Institutions in Crisis

In response to a series of notable public scandals—accounting fraud at Enron, plagiarism at the New York Times, torture at Abu Ghraib, sexual abuse in the Catholic Church, and steroid use in baseball—the Kenan Institute for Ethics organized an interdisciplinary group of two dozen faculty and graduate students from across Duke University and the United States to examine ethical crisis and change.

While moments of ethical crises offer opportunities for ethical reflection there is little consensus about the best strategies to create effective change in these moments. Indeed, organizations often do the very things that we know don’t work in moments of crisis. So, how do institutions learn to prepare for, respond to, or recover from ethical crises?

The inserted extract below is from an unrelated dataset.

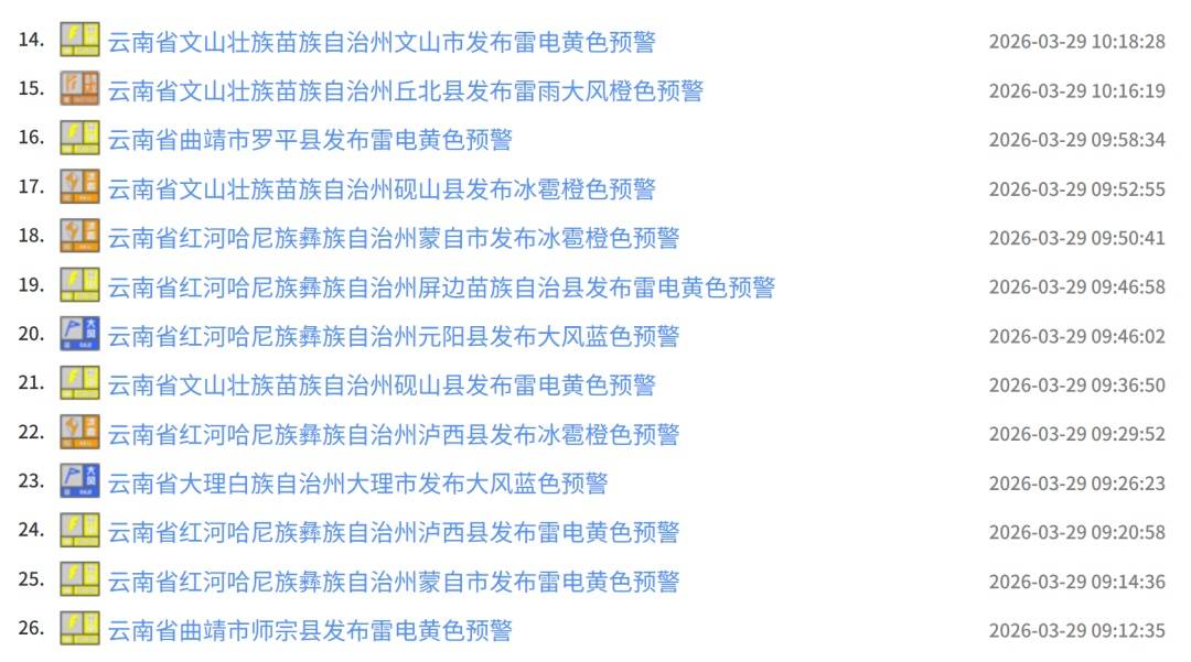 云南省气象台2026年03月29日08时00分继续发布雷电Ⅳ级预警:预计未来12小时雷电活动将持续,红河州、昆明市南部、临沧市、普洱市、曲靖市、文山州、玉溪市将出现较强雷电活动,出现雷击灾害事故的可能性大,局地伴有9级以上阵风、大冰雹、短时强降水等强对流天气,相关部门做好防雷电、防大风、防冰雹工作,公众在强对流过境期间暂停户外活动。

Over the past two years this interdisciplinary research consortium, Changing Institutional Cultures, has been investigating how best to understand, assess and improve the ethical cultures of military, religious, business, and educational institutions. We ask, for example, how the introduction of women into higher education institutions at the turn of the century is similar or dissimilar to the racial integration of the military several decades later. Or why was the racial integration of the Army in the 1950s more successful than gender integration of the Army in the 1990s? In gathering and reviewing the existing research on ethical crisis and organizational change and drawing upon a wide range of faculty expertise—including philosophy, religion, law, psychology, business, and public policy—we have collectively developed a novel, interdisciplinary approach to ethical culture and crisis. Our approach integrates philosophical and theoretical frames across disciplines and combines normative, analytical and policy studies. The core value of our analyses is that they enable faculty and others to more effectively participate in both normative and policy debates about institutional cultures—what they are and how they can and should be better.